Unlock instant, AI-driven research and patent intelligence for your innovation.

Word-by-word comparison method for realizing high hit rate

A high hit rate and comparison technology, applied in the fields of instruments, computing, electrical and digital data processing, etc., can solve the problems of wrong marking position, unable to mark, unable to find corresponding data, etc. Effect

Active Publication Date: 2014-09-17
HAIMEN THE YELLOW SEA ENTREPRENEURSHIP PARK SERVICE CO LTD
View PDF3 Cites 0 Cited by
  • Summary
  • Abstract
  • Description
  • Claims
  • Application Information

AI Technical Summary

Problems solved by technology

After the current Chinese-to-English markup is used, there are misses caused by the Chinese participle being too thick. For example, there is a participle "I think" in Chinese, but there is no "I think" in its English relationship.
Cause word segmentation results, but cannot be marked
In our common Chinese-English sentence examples, there are often verbs, articles or prepositions that cannot be translated into meaningless words in the corresponding language example sentences. When comparing word by word, it is necessary to correspond to Chinese and English Tags, such words cannot be added to the tag sequence due to their meaninglessness
In the process of successive comparison between Chinese and English, there will be a situation where one Chinese corresponds to multiple English. The usual practice is to mark them in order, which will lead to the wrong position of the mark when the English example sentence is an inverted sentence.
In the word-by-word comparison function, it is necessary to mark the Chinese and the corresponding English at the same time. However, since most of the collected data comes from dictionary data, it is largely a standard interpretation, but the actual Chinese-English example sentences are not. There are various flexible applications, resulting in frequent cases where the corresponding data cannot be found according to the standard interpretation

Method used

the structure of the environmentally friendly knitted fabric provided by the present invention; figure 2 Flow chart of the yarn wrapping machine for environmentally friendly knitted fabrics and storage devices; image 3 Is the parameter map of the yarn covering machine
View more

Image

Smart Image Click on the blue labels to locate them in the text.
Viewing Examples
Smart Image
  • Word-by-word comparison method for realizing high hit rate
  • Word-by-word comparison method for realizing high hit rate
  • Word-by-word comparison method for realizing high hit rate

Examples

Experimental program
Comparison scheme
Effect test

Embodiment Construction

[0042] The present invention provides a word-by-word comparison method to achieve a high hit rate, through the following four links to improve the hit rate of Chinese-English word-by-word comparison.

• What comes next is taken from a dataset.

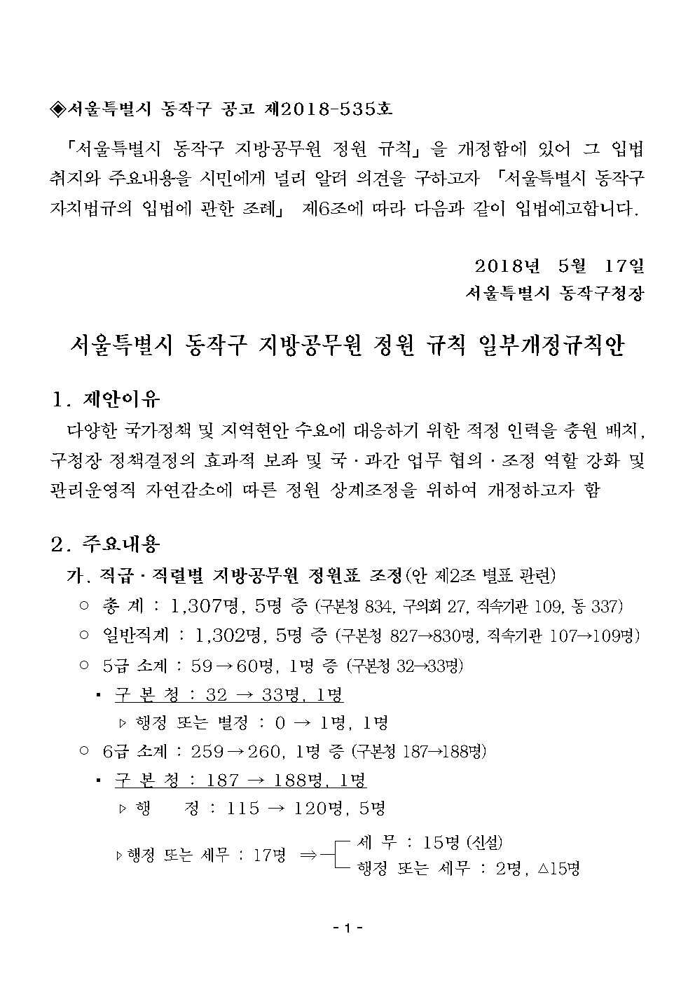 동작구 지방공무원 정원 규칙 일부개정규칙안 입법예고문.hwp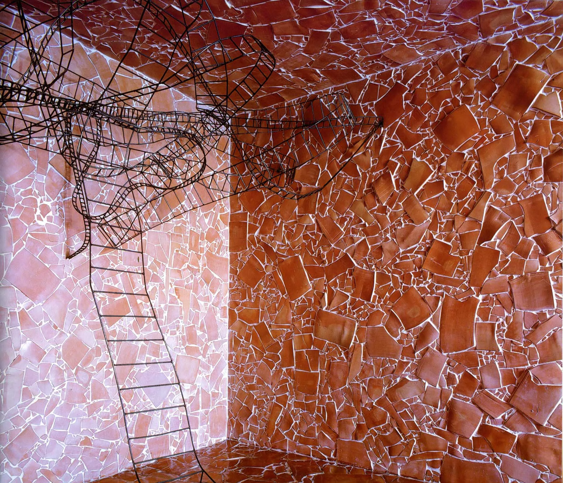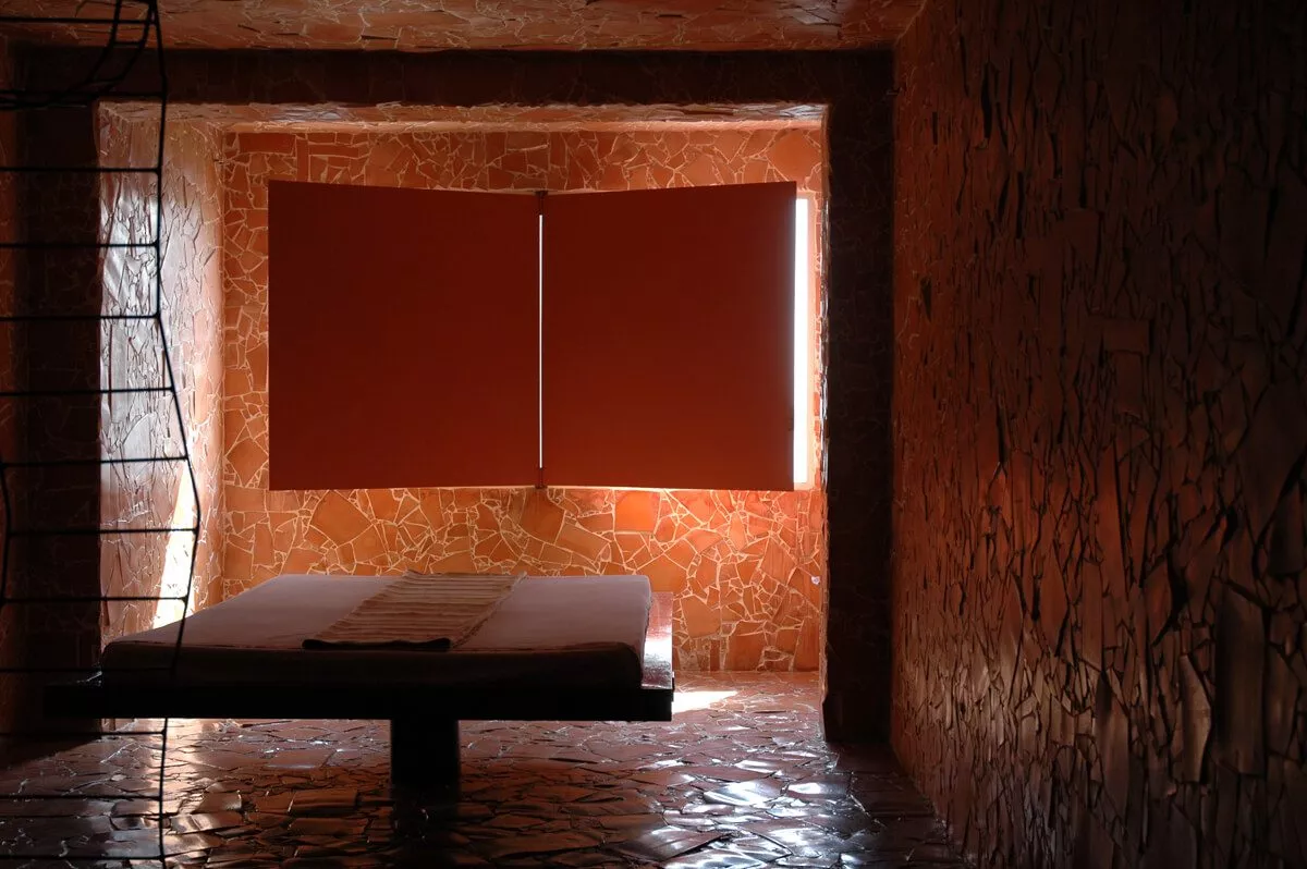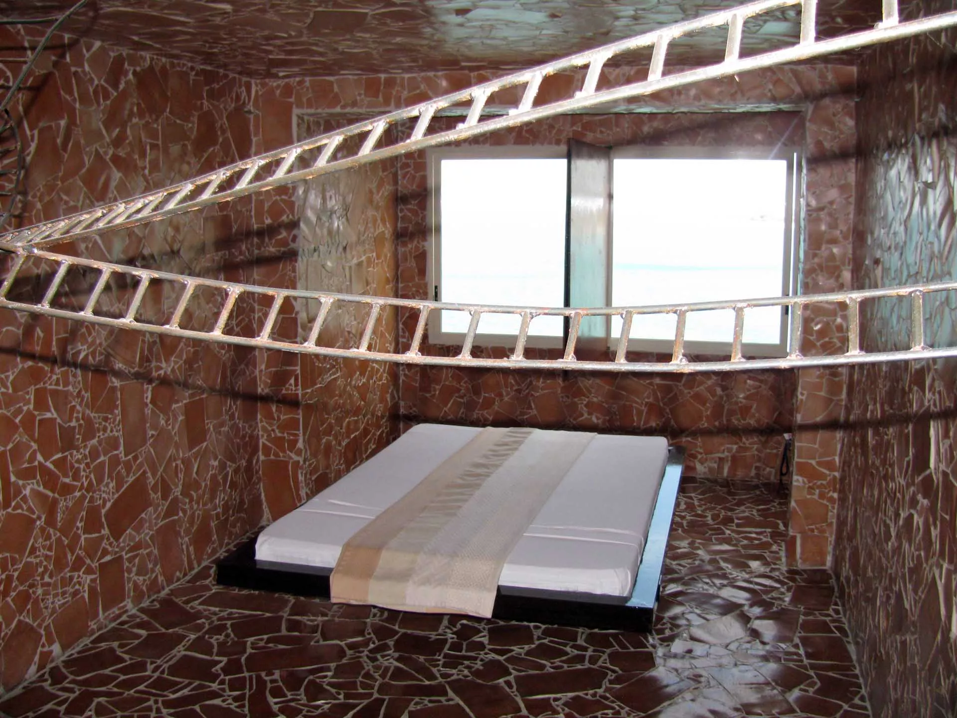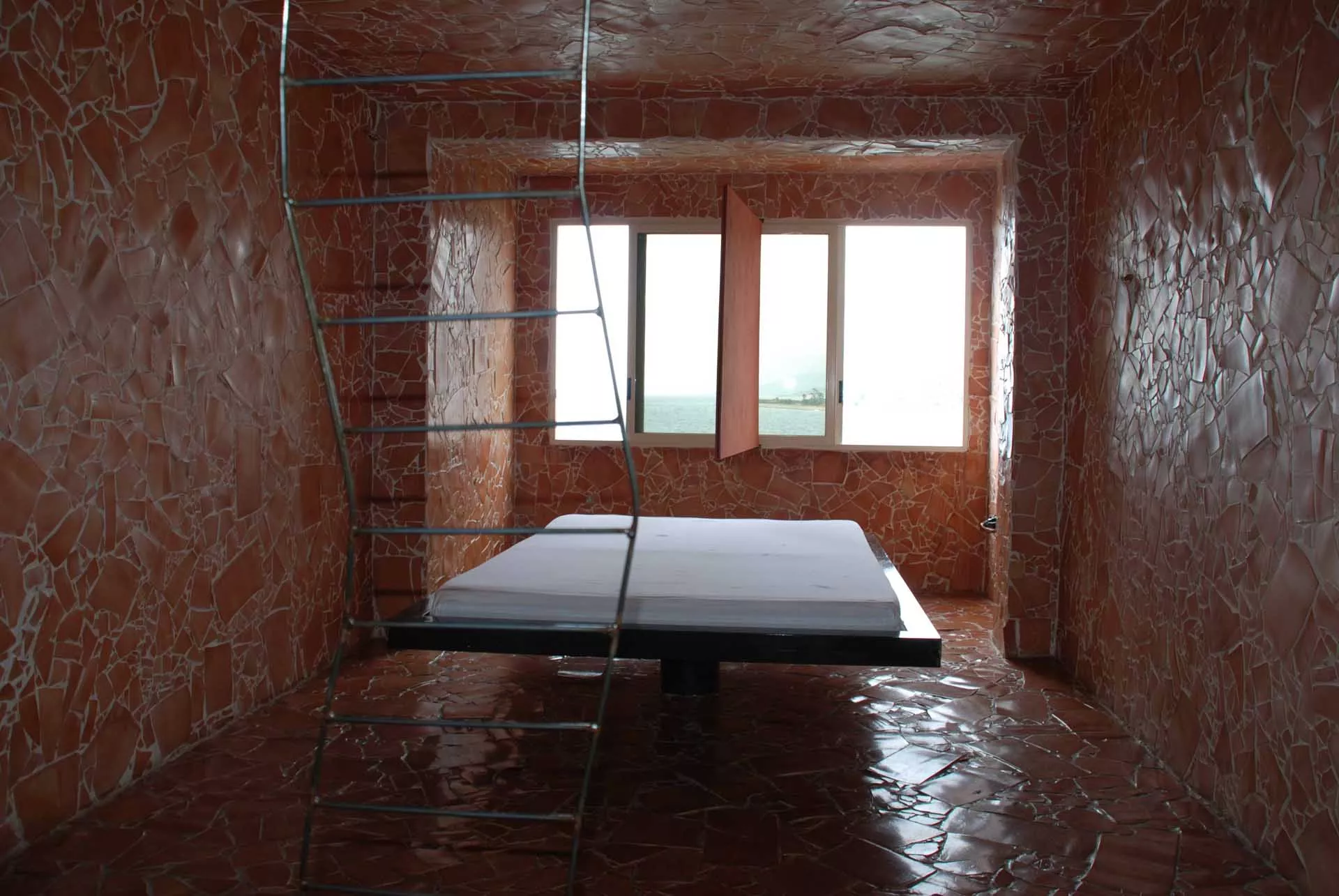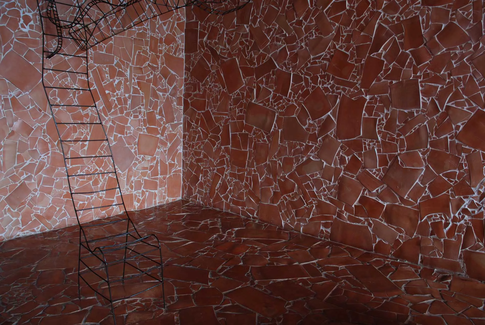 La sedia e il letto in sospensione costituiscono il nucleo dell’opera, oltre ad essere elementi funzionali e punti di vista privilegiati. La sedia-scultura in ferro, con la sua linea essenziale, che diviene torsione, è il mezzo attraverso il quale l’ospite libera la sua energia e il suo pensiero e diventa essere nello spazio e nel vuoto. Il suo aspetto di trama metallica si fonde con le linee spezzate della terracotta alle pareti formando un reticolo, un percorso labirintico che evoca i passaggi, le soste e le brusche accelerazioni dell’esistenza.

[0043] 1. The present invention adopts a secondary scanning method for unmarked data, starting from English in reverse, using an English-to-Chinese relational dictionary, taking the English-Chinese dictionary’s Chinese deformed character string as a basis, scanning the missing Chinese character string, searching and marking the result, to increase the hit rate.

[0044] see figure 1 , the specific method is defined as follows:

[0045] 1) Multi-segment English character string units form an English character string (engdata), and multi-segment Chinese character string units form a Chinese character string (chndata);

[0046] 2) Segment the English character string, and obtain the English word segmentation result set engphr (n=0,...phrlen-1) whose length is the word segmentatio...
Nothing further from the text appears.